То ли наперекор, то ли благодаря острому чувству обреченности одесситы продолжали неистово гнаться за чувственными удовольствиями, и вдруг посреди разгула убийств и кутежей в город вернулся испанский грипп. В начале февраля Вера Холодная участвовала в благотворительном сборном спектакле в пользу безработных коллег на сцене литературно-артистического общества[216]. Они с Осипом Руничем исполнили там на пару отрывок из фильма «Последнее танго». В зале было холодно, публика куталась в шубы, актриса же на сцене предстала в одной лишь тонкой ночной рубашке. По дороге из клуба в гостиницу, где остановилась Холодная, лошадь, везшая сани, увязла в снегу, и актрисе пришлось проделать остаток дороги пешком. На следующий же день она заболела. Никто из призванных на помощь знаменитых одесских докторов спасти звезду не смог, и через восемь дней после своего последнего выступления Вера Холодная скончалась. Тело по просьбе родственников забальзамировали, чтобы впоследствии перевезти его для захоронения домой, в Москву, как только (они на это еще надеялись) там будет восстановлена старая законная власть. Удостоившийся чести произвести бальзамирование тела знаменитости патологоанатом старой городской больницы М. М. Тизенгаузен не оставил потомкам сомнений в истинной причине ее смерти, написав в свидетельстве о смерти русским языком: «испанка»[217].

18 февраля, на второй день после смерти Веры Холодной, ее отпели по православному обряду в Спасо-Преображенском кафедральном соборе. Толпа собралась колоссальная, включая и евреев. Начались препирательства: ни служивший панихиду поп, ни часть близких актрисы видеть на отпевании евреев не желали. Те, однако, уходить отказывались: им тоже хотелось отдать дань последнего уважения восхищавшей их красавице. Хорошо, что вмешался настоятель собора и утихомирил страсти, распорядившись продолжать службу при евреях, если те будут вести себя тихо.

Похороны состоялись на следующий день и предварялись заупокойной службой в том же соборе, причем прощание и вынос гроба с телом были засняты на кинокамеру, – ну а как еще могло быть во временной столице российской киноиндустрии?.. Один присутствовавший там журналист потом писал, что чувствовал себя будто на съемочной площадке фильма с королевой экрана в главной роли. Он вспомнил последний виденный им фильм с участием Холодной и то, как зал взорвался аплодисментами при первом ее появлении в кадре. И собор снова был полон, и толпы людей выстроились вдоль дороги от него до Первого христианского кладбища, где гроб с забальзамированным телом Холодной поместили в часовню вплоть до откладывающейся на неопределенный срок отправки в Москву. Открытый гроб несли поклонники, а она возлежала в нем в том самом платье, в котором снималась в одном из популярнейших своих фильмов, трагической мелодраме «У камина».
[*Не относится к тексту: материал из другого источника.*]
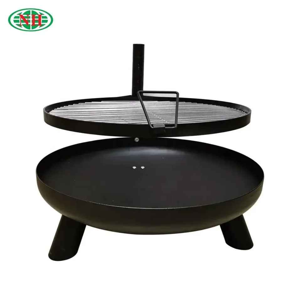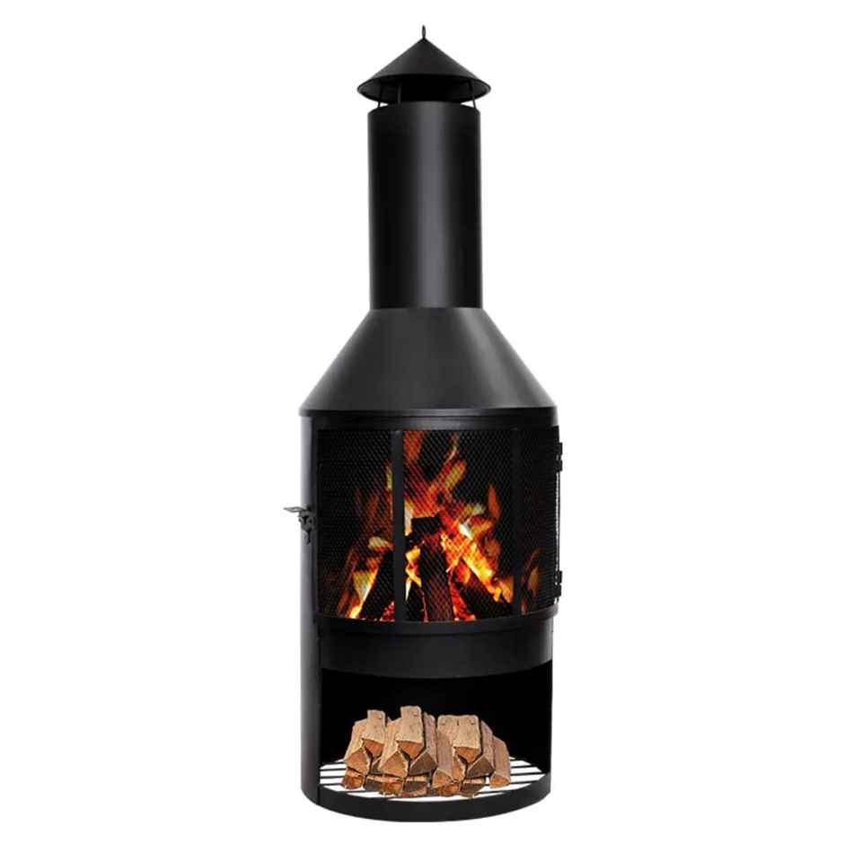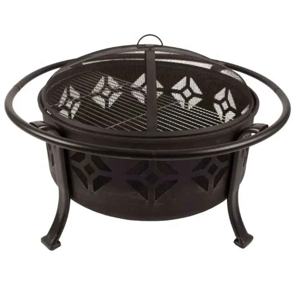 Brasero d'extérieur en métal avec couvercle pare-étincelles, foyer à bois pour patio, jardin et terrasse, avec support
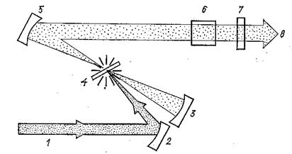 Резонатор образован отражателем 3 (с радиусом кривизны r=5 см и коэффициентом отражения R=100%) и плоским выходным зеркалом 7 (R=95-98%). Вспомогательное зеркало 5 (r - 7,5 см, R=100%) служит для уменьшения габаритов резонатора и обеспечивает параллельность лазерного излучения 8 на выходе и излучения накачки 1, направляемого в объем поворотным зеркалом 2. Поток красителя 4 направлен перпендикулярно к плоскости рисунка и расположен под углом Брюстера к излучению накачки. Длины волн перестраиваются селектирующим элементом 6.
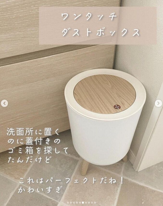 ミキティさんのおすすめは楽天で購入したというワンタッチダストボックス。木目調のふたに脚付きのデザインが「パーフェクトだね! かわいすぎ」とお気に入りの様子。ふた付きで中身が見えないので、生活感が出にくそうなところもgoodですよね!
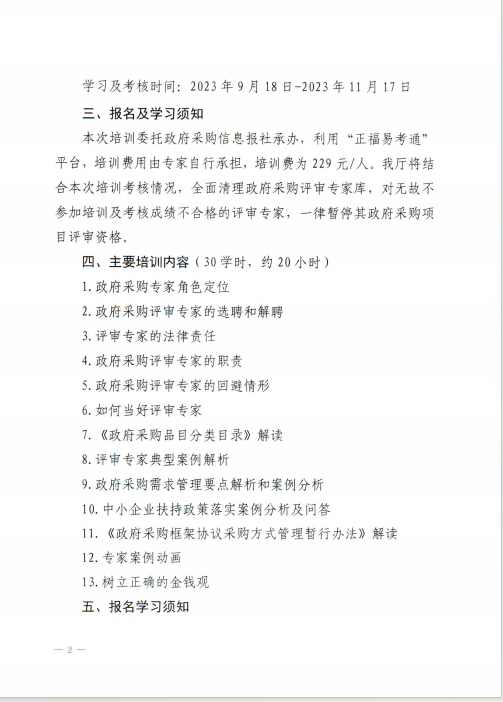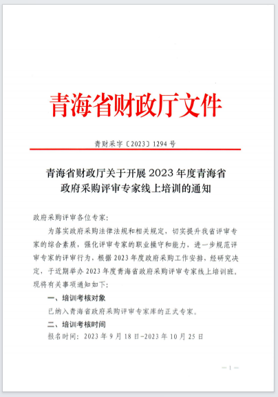 青海省財政廳關(guān)于開展2023年度青海省政府采購評審專家線上培訓(xùn)的通知
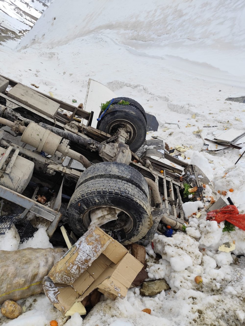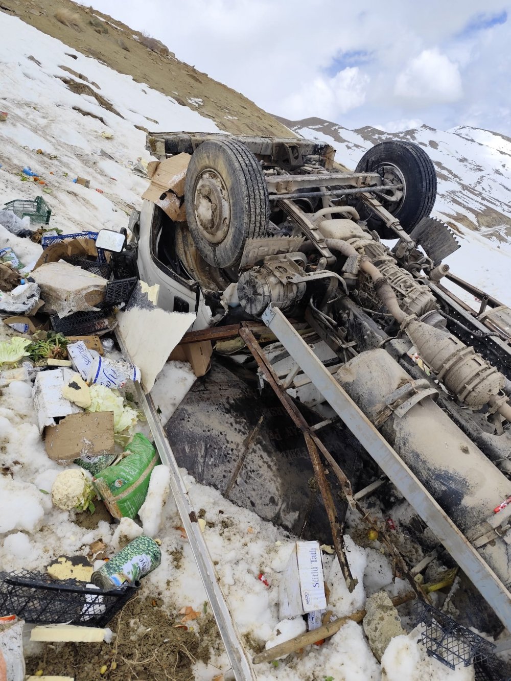 Yüksekova-Çobanpınar hattında seyir halindeki bir yük aracı, sürücüsünün henüz belirlenemeyen bir nedenle direksiyon hakimiyetini kaybetmesi sonucu şarampole yuvarlandı.
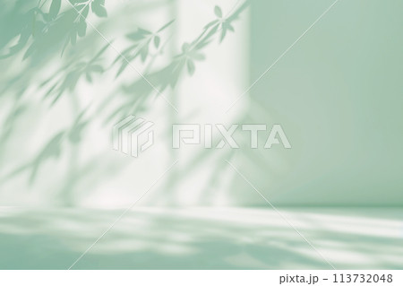 Minimal abstract background, light and shadow of tree leaves. Cosmetic product presentation. Premium podium. Pastel mint green wall, white table. Showcase display case. Front view. Mockup ad. Olive

Останки Холодной до Москвы так и не доехали, а со временем просто затерялись. Вероятнее всего, они все еще хранились в часовне при Первом христианском кладбище, когда часовню сровняли с землей, а кладбище закатали под асфальт в начале 1930-х годов. Но их «таинственное» исчезновение лишь подлило масла в огонь фантазии авторов конспирологических теорий, которыми и по сей день овеяна история ее смерти. По одной из таких версий, причиной смерти Холодной якобы стал букет отравленных белых лилий, присланный ей французским консулом, заподозрившим ее в шпионаже на красных. Через считаные дни после похорон актрисы документальный фильм о них уже шел при полном аншлаге все в тех же кинотеатрах, которые минувшим летом ломились от публики на показах «Женщины, которая изобрела любовь», а бандиты Япончика, по воспоминаниям Паустовского, пресытившись мародерством, засели в ночных клубах города, «перепевая на все лады душераздирающий мотив смерти Веры Холодной».

Война и моры закончились, и неутомимый Яков Бардах превратил свой дом в местную штаб-квартиру общенациональной кампании по искоренению брюшного тифа и холеры. Вопреки непрекращающимся трудностям со снабжением он продолжал проводить собственные уникальные исследования, умело сообразуясь с обстоятельствами. «Зима с 1921 на 1922 год в Одессе выдалась суровая, лаборатории не отапливались, – писал он. – В результате возможно было изучать лишь морозоустойчивые бактерии, которые сохраняют способность к размножению и развитию даже при низких температурах»[218]. И под его руководством одесский Новороссийский университет сделался одним из ведущих центров бактериологических исследований в Советском Союзе.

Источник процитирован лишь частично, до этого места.